We feel love, joy, excitement, and exuberance. We find the things that make a heartbeat change. The things that make us happy. The small moments and little victories. They’re magically delicious. The things that make us whole. But we also feel their fragility. How they make us different. How they make us weird. The way the world tries to corrode them, to encroach them. The way it splits the process of our personing in two. Two separate parts. Two distinct identities. Our inside and our outside selves. The part of us we show to everyone, and the part we keep to ourselves. A self made of iron and plated steel, and the one made of something gentler, soft-down and semiplume. The one we wear when all eyes are on us, and the one we guard behind closed doors. We experience the world as bifurcating, because we’re dividing up ourselves.
You might say it's dissociative. It’s depersonalizing. It’s detachment. Verging on a disorder, you could suppose. Silly rabbit, vulnerability is for kids. Repression is a rite of passage, they tell us. It’s called being an adult, they say. It’s all part of becoming a semi-well-adjusted member of a society. Smile. Nod. Stay in your lane. Dress for the job you want. Do as you're told. Pay your taxes and your rent. And, most importantly, stuff all your otherness way the fuck down so no one knows, and no one sees. We experience the world at a distance, because we’re strangers to ourselves.
We collect the instances of what's expected of us. Air-quotes-normalcy. Air-quotes-conventionality. Air-quotes-respectability. In other unsaid words, side-eye-conformity. It’s the breakfast of champions, they say.
You wrap yourself in thick layers. Sheets of plastic. Polyethylene film. Air-filled hemispheres in regular intervals. Shock resistant pockets of tension in uniformed rows. Isolating barriers of protection in neat, even half-globes. A concerted effort to hold back the sharp angles of the world. It makes it difficult to move and hard to breathe. Snap, crackle, pop, but, you'll never shatter. Never break. You'll never feel anything. You’ll never feel. We experience the world as suffocating, because we’re strangling ourselves.

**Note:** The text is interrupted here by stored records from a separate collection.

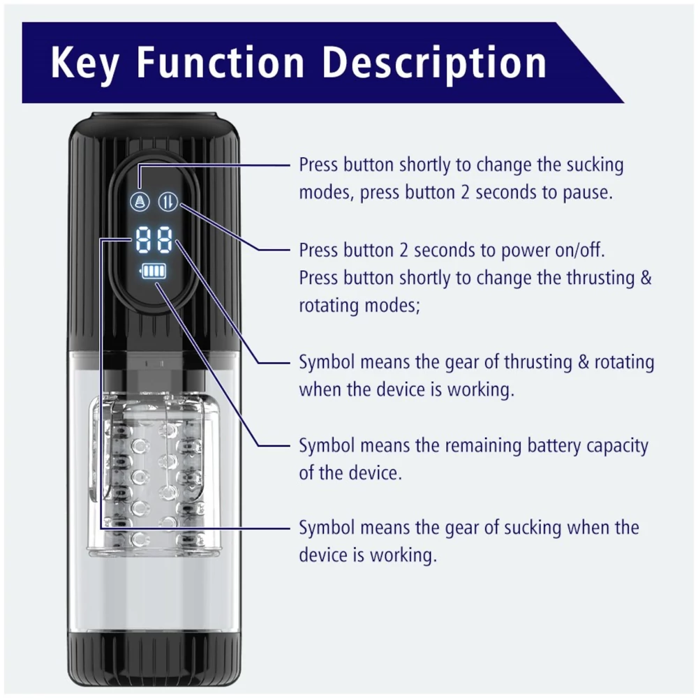 Az ergonomikusan elhelyezett gombokkal egyszerűen szabályozhatod a forgás, lökés és szívás intenzitását, míg a LED kijelzőn könnyen nyomon követheted a beállításokat.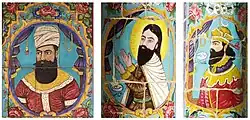 Tilework depicting (from left to right): Karim Khan Zand, Jesus, and Khosrow I Anushirvan. Located at the Ziyaiyan House, dated 1921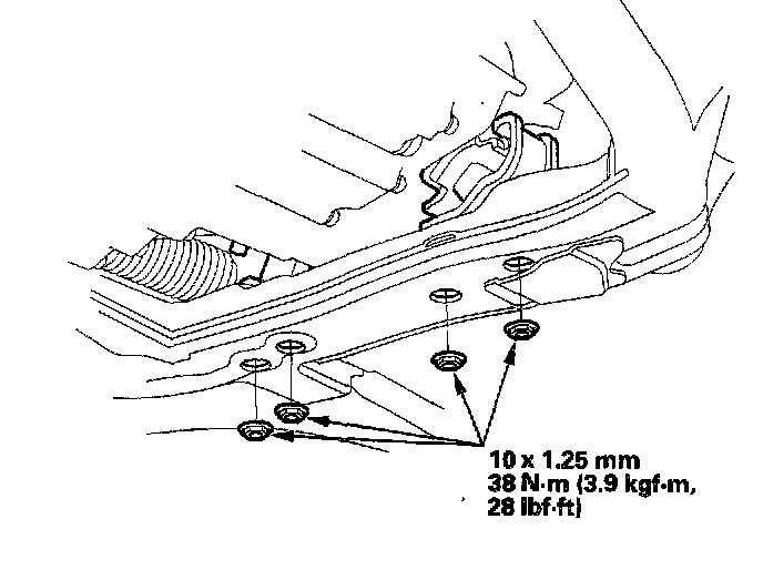 9. Lower the transmission, then install the transmission lower mount nuts.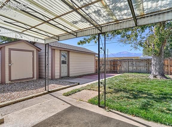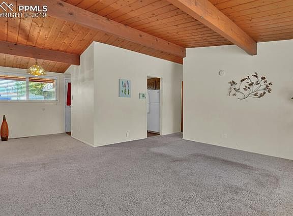 Move-in ready mid-century charmer with almost 1300 square feet of main level living! Approach the home and notice the immaculate xeriscaping at the front of the house which means not only beauty, but little maintenance! Enter the home and you will see gorgeous vaulted wood ceilings throughout along with large windows to allow in plenty of natural light. The spacious living area has plenty of space to enjoy entertaining family and friends. Adjacent to the living room is the kitchen and dining area. The kitchen has wood-type floors, solid countertops, solid wood cabinets and all appliances stay! 3 nice sized bedrooms and a full bathroom are on one side of the house while a bonus room with built-ins, an office/flex space and laundry area are on the other! A walk-out off the kitchen leads to the fully-fenced and landscaped backyard with a concrete patio where you can enjoy the stunning Colorado mountain views! Also out back is a storage shed and a detached one-car garage! Original wood flooring under the carpet making it an easy project if you would like no carpeting! This home has a newer roof and water heater and a swamp cooler that keeps it cool during the warmer months. Centrally located and close to shopping, restaurants, I-25 and UCCS this home won't last long -- come and take a look today!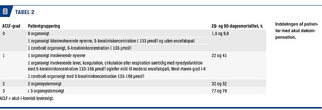 ACLF er således defineret som en tilstand med AD ledsaget af enten nyresvigt, andre organsvigt i kombination med nyredysfunktion, cerebral dysfunktion eller multiorgansvigt. Inddelingen af ACLF giver et klart skel i prognosen med kraftig stigning i dødeligheden ved højere grader af ACLF. I CANONIC-studiet var 28- og 90-dages mortaliteten for patienter med AD uden ACLF hhv. 1,9% og 9,8% [1]. For ACLF-grad 1 steg 28- og 90-dagesmortaliteten til hhv. 22% og 41%, for ACLF-grad 2 til hhv. 32% og 52% og for ACLF-grad 3 til hhv. 77% og 79% [1]. I samme studie havde 23% af patienterne med AD ACLF ved indlæggelse, og hos yderligere 11% udvikledes syndromet inden for 28 dage [1]. Det hyppigste organsvigt hos patienterne med ACFL var

Inside, we build something different. Something inner-kid tested and mother approved. A bowered structure. An inner-court. An archway with an avenue. A tender expectation. A cradle of waiting. Frail and delicate imaginings. We "assemble a life from the usable fragments", Lewis Hyde says. Sacred relics of the wreckage, gathered and connected. We experience the world as wholeness when all our pieces have a space.
To put it all on display, to let it all be seen, is the surest sign of growth. Of acceptance. Of Survival. Of endurability. A Satin Bowerbird attracting attention. A dance. A song. Coo-Coo for the call of something beyond ourselves. A flagrant show of will. A curated collection in blue. We experience the world in color, when we let our truest ones start to show.
To be open. To be prone. To be exposed. It’s something subversive. To bridge the distance between the inside and the outside selves. It’s two full scoops of wellness and repair.
We experience the world’s capacity for love, when we can love the fullness of another, when we’re capable of being loved in return.